Soul Sick keeps with Ford’s signature retro garage rock sound and her wild, untamed vocals, but it also may be her most punk rock record yet. With The Sound Outside, Ford was often coined a rockabilly artist, but beginning with 2014’s Slap Back and now Soul Sick, her sound has evolved naturally. She has an effortlessly sultry singing voice, but she’s more interested in shouting out than she is in slinky oozing, and we’re luckier for it. In particular, “Loneliness is Power” is a punk rock take on spending time alone and letting go of inhibitions. “I know that it’s not good for me/But makes me want it more,” she sings. It’s the coolest ode to being anti-social and mildly self-destructive you’ll hear this year.

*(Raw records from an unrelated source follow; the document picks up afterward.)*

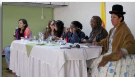
25 Anniversary, Bogota International Conference, Colombia

More specifically, the Conference "Community radios for a Better World" held in February, in Bogota (Colombia), permitted reflection on how to increase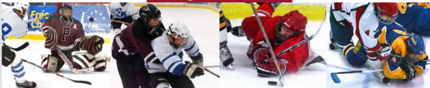
SCHOOL HOCKEY SEMIFINALS WRAP UP : View the gallery at HSGameTime.com/rhodeisland

Send in your comments at projosports.com/pc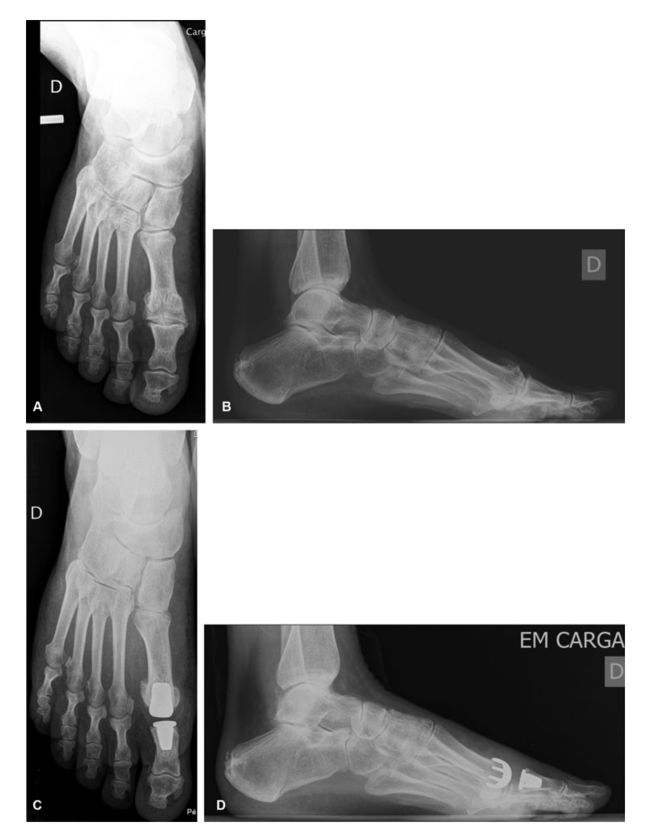
Fig. 3 Pre- and postoperative X-ray images of a 62 year old man with hallux rigidus submitted to arthrodesis with crossed-screws. (A) Preoperative standing anteroposterior X-ray; (B) Preoperative standing lateral X-ray; (C) Postoperative standing AP X-ray 2 years after surgery; (D) Postoperative standing lateral X-ray 2 years after surgery.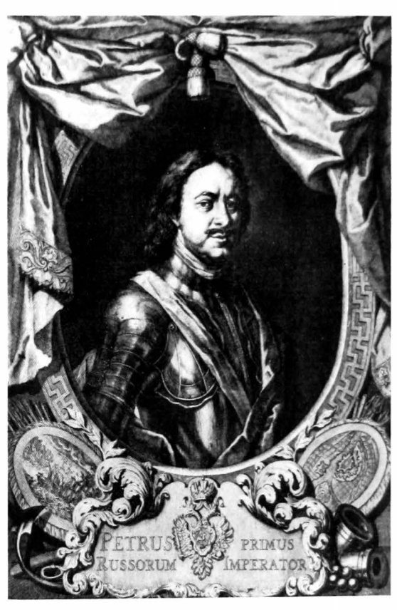
ENGRAVING OF THE PORTRAIT BY KARL MOOR, 1717.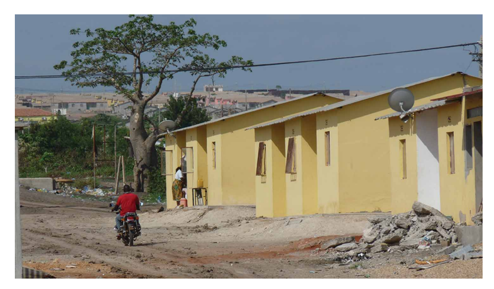
Figure 3. Outcast? A view of sector 9, Panguila

cation. In 2003, the only road that linked Panguila to the city had not been maintained since the beginning of the civil war in 1975. It took at least two hours to reach the historic core of the city. Psychologically, the distance was even bigger, as for many people leaving the urbanised area of the capital was still seen as a risky adventure into war-ridden provincial territories. In every aspect, the new settlement appeared as a remote rural area, a negation of urbanity. The imbondeiro (baobab tree in the background) and the motoqueiro (motorbike taxi, by opposition to the minibuses taxi that deserve the city) that appear on Figure 3 are symbolical markers of this rurality.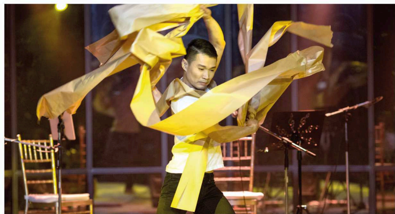
Artists and performers made the inauguration celebration unforgettable.

This means that customers can rely on long-term relations with well-known contact persons and experienced sales partners, allowing them to build up a unique measure of trust. Technology and expertise interlock perfectly with research and development, thus enabling the company to fulfil every need of customers in Asia as well as to enter new markets.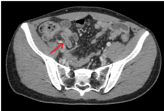
Figure 1. The computerized tomography of the patient consistent with acute appendicitis. The signs observed in this patient include an increased appendix diameter of 9 mm, wall thickening, and edema of the appendix wall. Lymphadenopathy surrounding this region was also observed.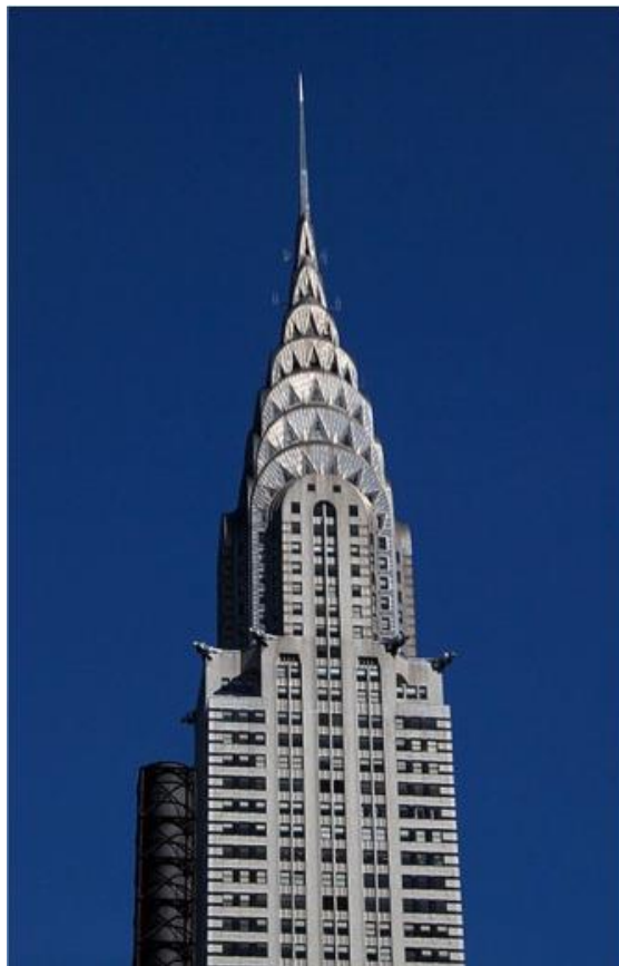
The Chrysler Building, New York

Art Deco swept across Europe and America in the 1920's, bringing with it a transformation in design. From brightly coloured, geometric patterns on fabrics, wallpapers and in book illustration to the soaring, elegant lines of New York skyscrapers. Art Deco helped to introduce Modernism to a mass audience. Fashion design too was affected by the new style, bringing with it beaded flapper 'dresses, fabulous handbags and bias cut dresses. Hollywood was quick to reflect the new style, perhaps best epitomised in the films of Fred Astaire and Ginger Rogers. This lecture gives an overview of Art Deco style and design and also looks at the legacy of the movement's legacy today.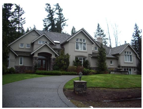
Grade 12/ Year Built 2002/ Total Living Area 5,720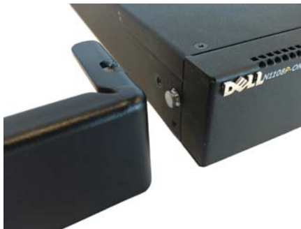
Figure 1-3. Attaching the Brackets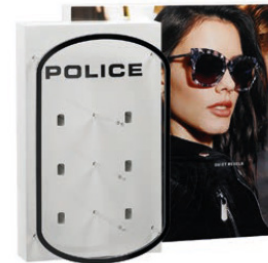
3PC. DISPLAY PUESX701N11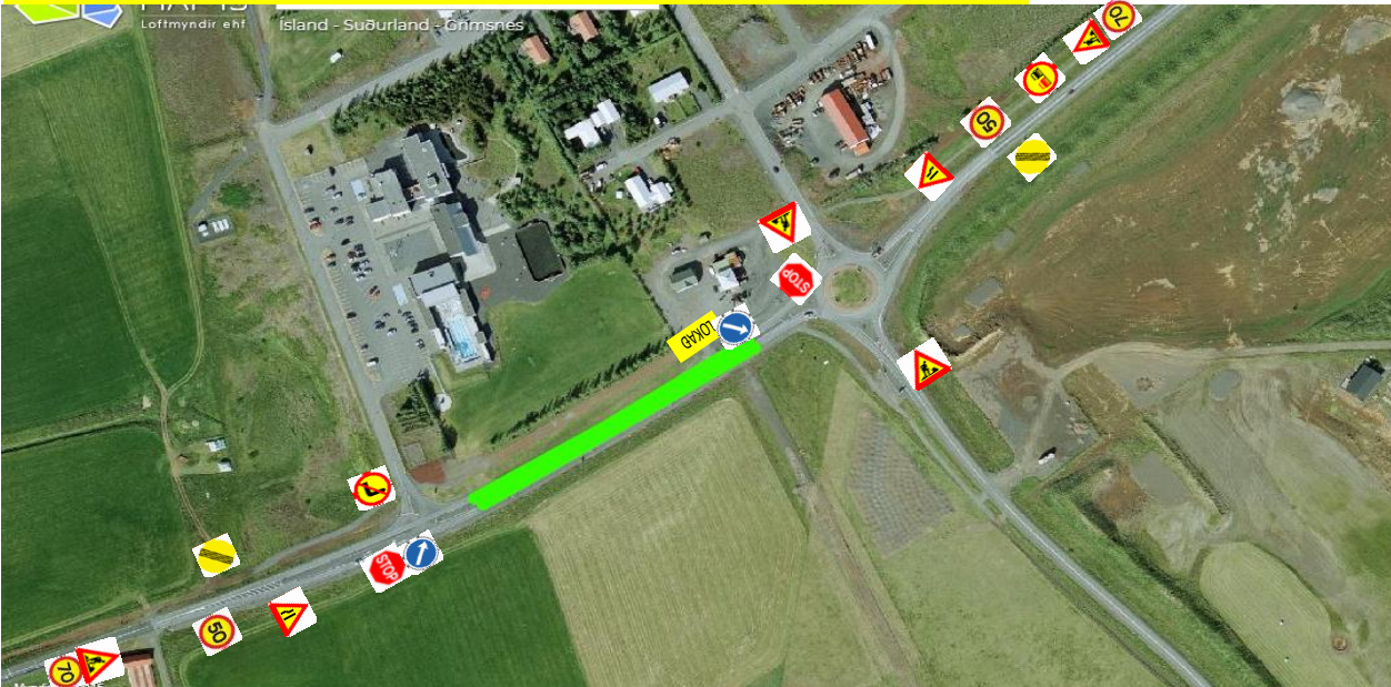
Kaflinn er 200m langur og verður umferðarstýring samkvæmt teikningu 3.5.2.1.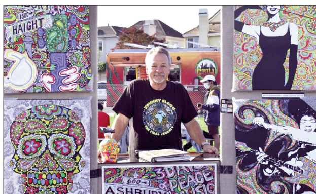
The Festival of Thanks featured art, games and food trucks.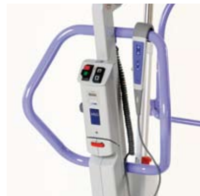
Operate efficiently via the handset or mast control panel. Ergonomically designed push/pull handles for smooth maneuvers.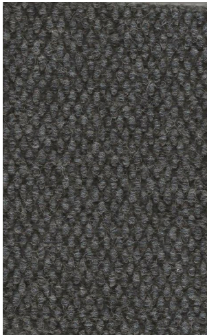
Duronop Steel SPD-DU-531 3' x 5' 8 6' x 4' 7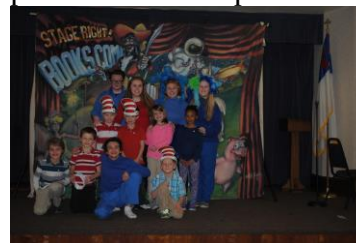
"1 st Grade with Stage Right"

First graders are looking forward to going to the IUP planetarium to view a program that will coordinate with their science unit on the sun, stars, and planets. Weather-permitting, students will walk to the planetarium on April 21.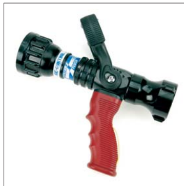
HM694RED-KIT RED W/YELLOW STRIPE GRIP

Anti-icing GREEN w/Yellow Stripe (TFT Part # HM694GRN-KIT)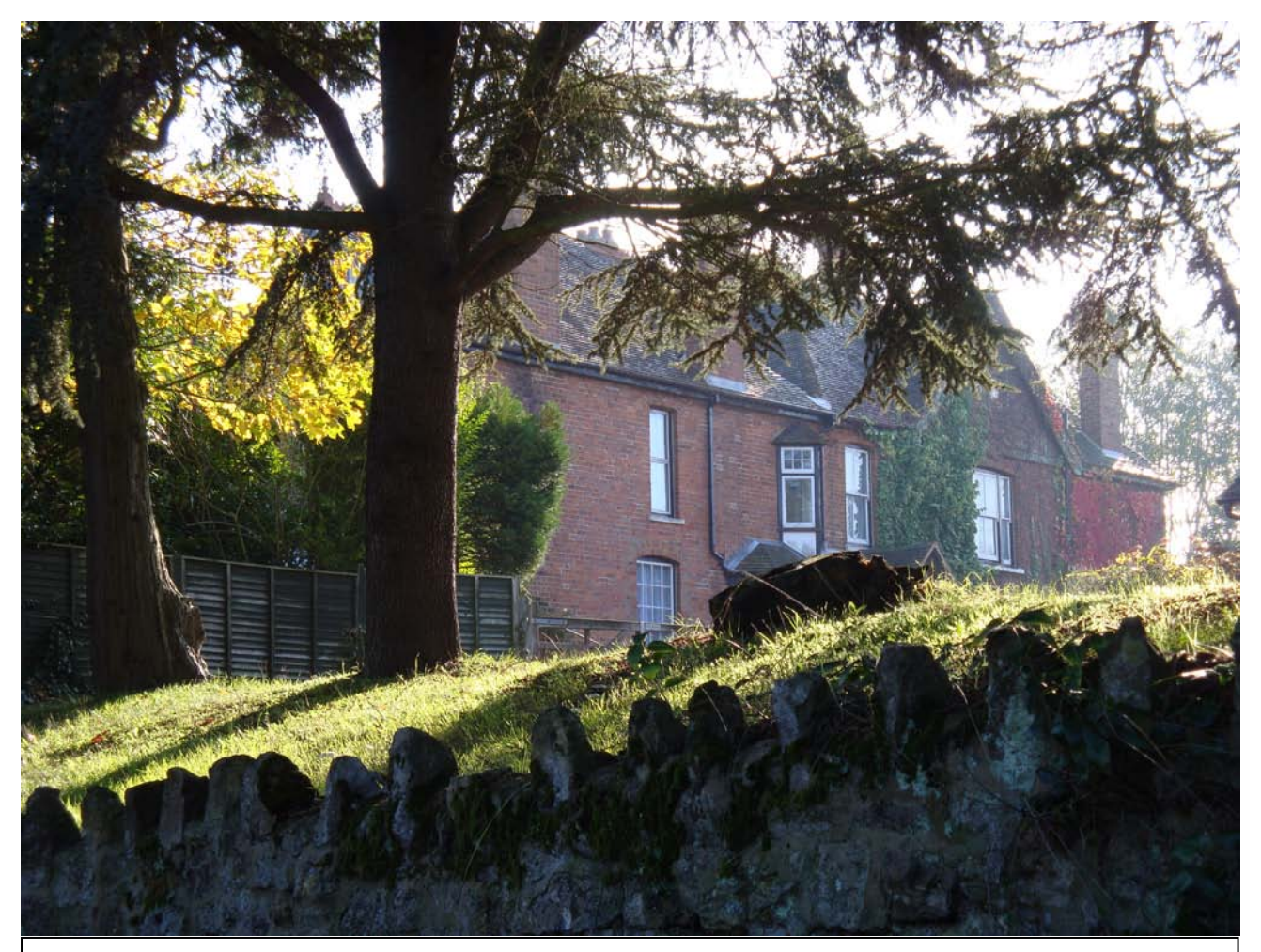
The Mount provides the entrance to Bearsted Holy Cross Conservation Area from Church Lane.

Approaching from The Green the Conservation Area only comes into view when the first bend in Church Lane is rounded. The dominant feature is the ragstone boundary wall of The Mount overhung by trees within its grounds, balanced by the substantial hedge on the other side of the road. The gentle curve of the lane means that the view is closed by trees in the front garden of Danefield; vegetation dominates, and buildings are only glimpsed through trees.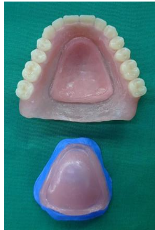
Fig 6: 1 mm of wax added on palate with carved margins and hard pink wax used to make lid with snap on attachment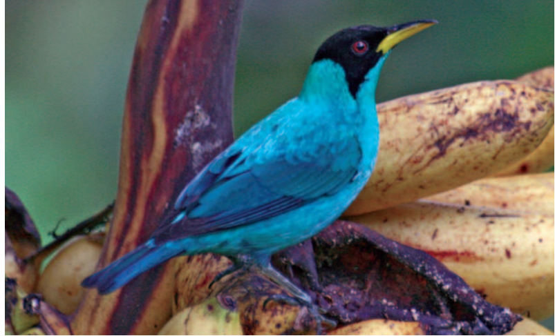
Fig. 22: Chlorophanes spiza (Green Honeycreeper).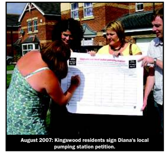
August 2007: Kingswood residents sign Diana's local pumping station petition.

For more information about this petition and how to add your name to it, call my office on 01482 319135 or visit www.dianajohnson.co.uk .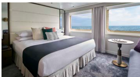
Especially spacious accommodations.

Staterooms and suites are spread across two decks with connecting, solo, and triple options; four even roomier Islander Suites with separate living area, table and chairs, and bath with bathtub. The Santa Cruz Suite can be reserved as a Family Suite with connecting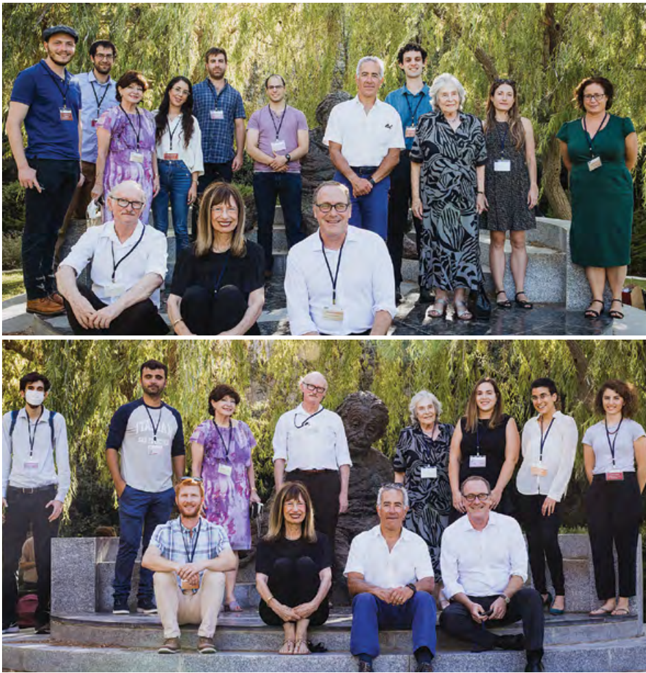
Adams Seminar August 2021; Top photo: Class of 2020; Bottom photo: Class of 2021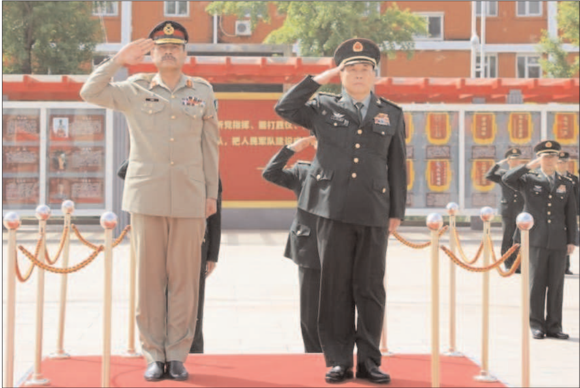
BELJING: Chief of the Army Staff, General Asim Munir Ahmed being presented with the guard of honour at PLA Army Headquarters.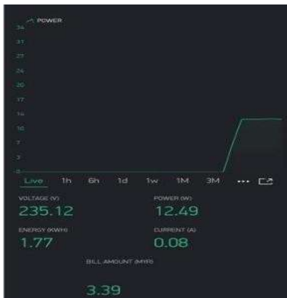
Fig 2 : Blynk Output of Smart Energy Meter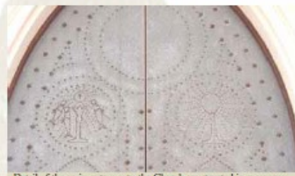
Detail of the main entrance to the Church constructed in memory of the Miracle

In her songwriting, Ford is grappling with millennial anxiety without getting wrapped up in clichés that often bog it down. Her honest, no-frills lyrics are (sometimes painfully) relatable and unapologetically raw. “Never Gonna Please” finds the frustration is trying to be too many things to too many people to a vaguely surf-rock guitar riff. “Middle Child” finds the sort of sad comedy in not feeling seen or heard, never being first or last. There’s a middle child purgatory which Ford taps into and inhabits perfectly. And “Record On Repeat” finds Ford hitting rock bottom darkness. On this record-opening beauty she sings, “I’m not talkin’ about drinking/I’m not talkin’ about doing drugs/I’m talkin’ about that feeling when you feel like giving up.” And she is all of us when she finishes, “Screw it/I’m a grump/Screw it/Maybe I should give up.” We’ve been there, Sallie. We feel you.